An error occurred while executing '/u01/app/12.2.0.1/grid/bin/gpnptool get' command. Refer log for details
Verifying if script is executed by root user ...PASSED
Verifying runlevel ...PASSED
Verifying if the environment is STANDALONE or RAC ...RAC
Verifying the provided node list against information in /u01/app/12.2.0.1/grid/crs/install/crsconfig_params ...PASSED
Verifying the provided private/asm interface list against information fetched from GPNP ...FAILED
        RESULT: Warning!!! Provided private interconnect details found incorrect... Proceeding with autodetected private interface details
Verifying GI Home details ...DONE
Verifying '/u01/app/12.2.0.1/grid/dbs' is owned by 'grid' user... PASSED
Verifying ownership and permissions on /u01/app/12.2.0.1/grid/bin/oracle ...PASSED
Verifying mount options for GI Home mount point ...PASSED
Verifying OLR integrity ...FAILED
Cause: OLR is corrupted

Status of Oracle Local Registry is as follows :
         Version                  :          4
         Total space (kbytes)     :     409568
         Used space (kbytes)      :        896
         Available space (kbytes) :     408672
         ID                       :  158964337
         Device/File Name         : /u01/app/12.2.0.1/grid/cdata/dbhost040102.olr
                                    Device/File integrity check succeeded

         Local registry integrity check succeeded

         Logical corruption check failed

The output of the script about shows OLR is corrupted on the node, where this script was invoked.
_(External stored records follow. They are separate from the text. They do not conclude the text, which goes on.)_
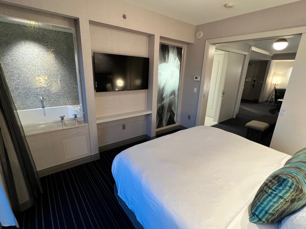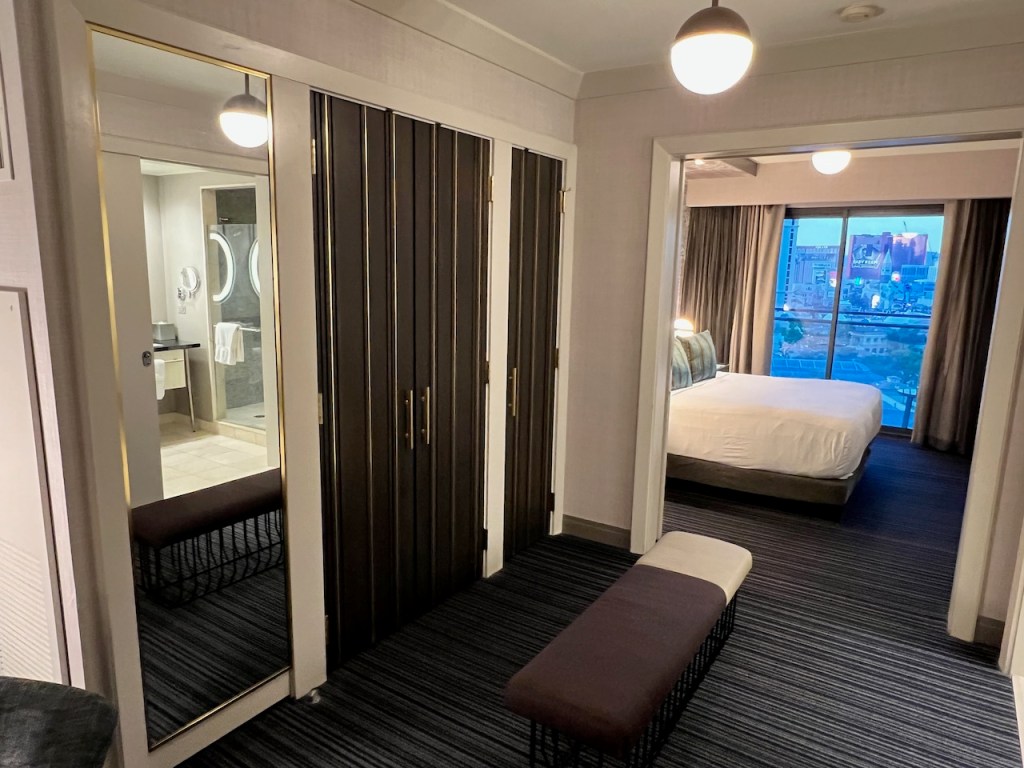 The bedroom was straight ahead and located closest to the suite windows. It was a little compact, but well placed right up against the windows to the fountain views outside.
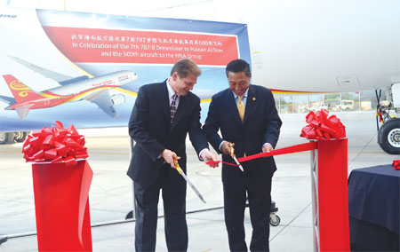 | Everett, WA RIBBON CUTTING Mu Weigang (right), vice-president of Hainan Airlines, and Jeffrey E. Klemann, vice-president of 787 delivery operations at Boeing’s Everett delivery center, cut ribbons to celebrate the seventh Boeing 787 Dreamliner delivered to Hainan Airlines at a ceremony in Everett, Washington on May 30. Deng Yu / China Daily |
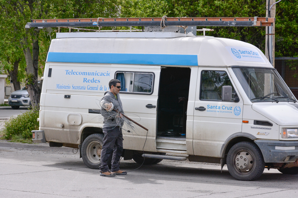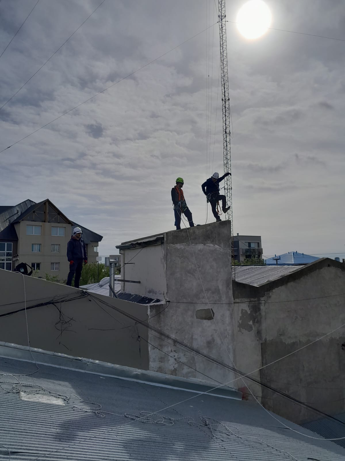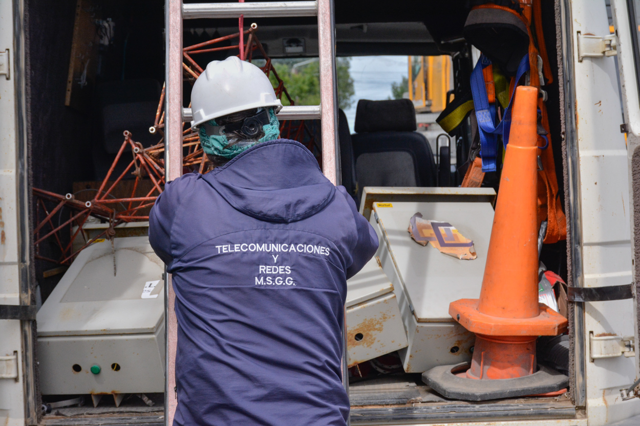 El subsecretario de Telecomunicaciones, Carlos Cassano, estuvo supervisando todo el trabajo realizado por su equipo junto a una empresa, que proveyó el vehículo con pluma, especial para alcanzar grandes alturas.
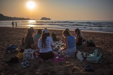 Birželio 15 - 18 d. bangų dienos. Rytais jogos, kvėpavimo ir meditacijos praktikos, maistingi pusryčiai, 1,5 val banglenčių pamokų su instruktoriumi (viso 4 pamokų dienos), 1 riedlenčių pamoka bei neribotas laikas savarankiškai gaudyti bangas. Tyrinėjame apylinkes, mėgaujamės Šiaurinės Ispanijos pakrante ir maistu.
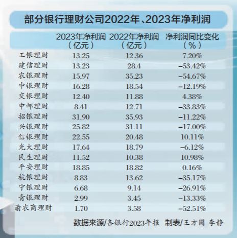 在规模没有得到明显增长和响应减费让利号召的背景下,行业经营业绩整体出现下滑,部分公司更是出现“增量不增收”的窘境。中国证券报记者梳理多家银行年报发现,2023年,中邮理财、兴银理财、青银理财、中银理财、招银理财净利润均较2022年减少超10%,农银理财、建信理财、渝农商理财净利润均较2022年减少超50%。
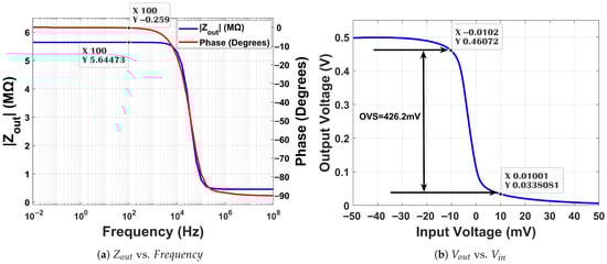 Figure 16a reveals an output impedance of 5.18 M. The composite transistor paired with the subthreshold operation of devices ensured a high output swing of 426.2 mV, which is presented in Figure 16b. The fully differential output is also responsible for this high swing. High output swings are a desirable trait in extracting signals.
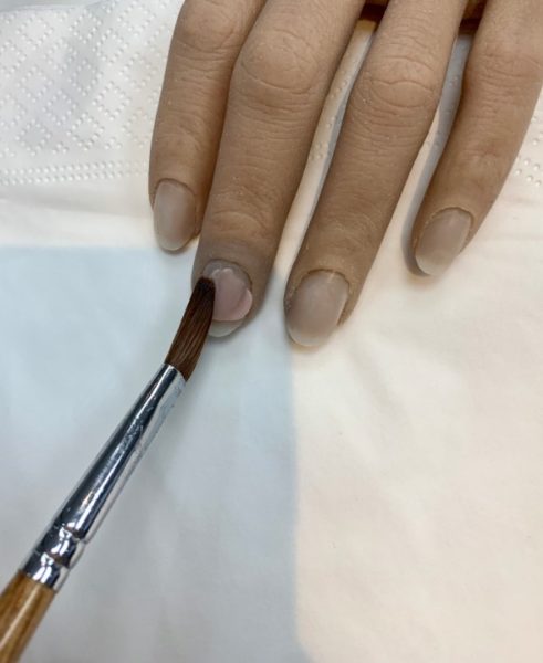 TIP – The flat tip of the brush is used to pick up the acrylic bead. The tip is used at the cuticle zone and blending the acrylic beads.

The solution is to restore the OLR from the last successful backup as follows:

Before proceeding with the OLR restoration , use the following command to ensure GI stack is completely down on problematic node and ohasd.bin is not up and running.

root@dbhost040102:/tmp/gi_scrpt# ps -ef| grep ohasd.bin
    root 45843 31954   0 12:56:51 pts/8       0:00 grep ohasd.bin
root@dbhost040102:/tmp/gi_scrpt#

Incase few services are up, use the following command to forcefully stop the CRS services.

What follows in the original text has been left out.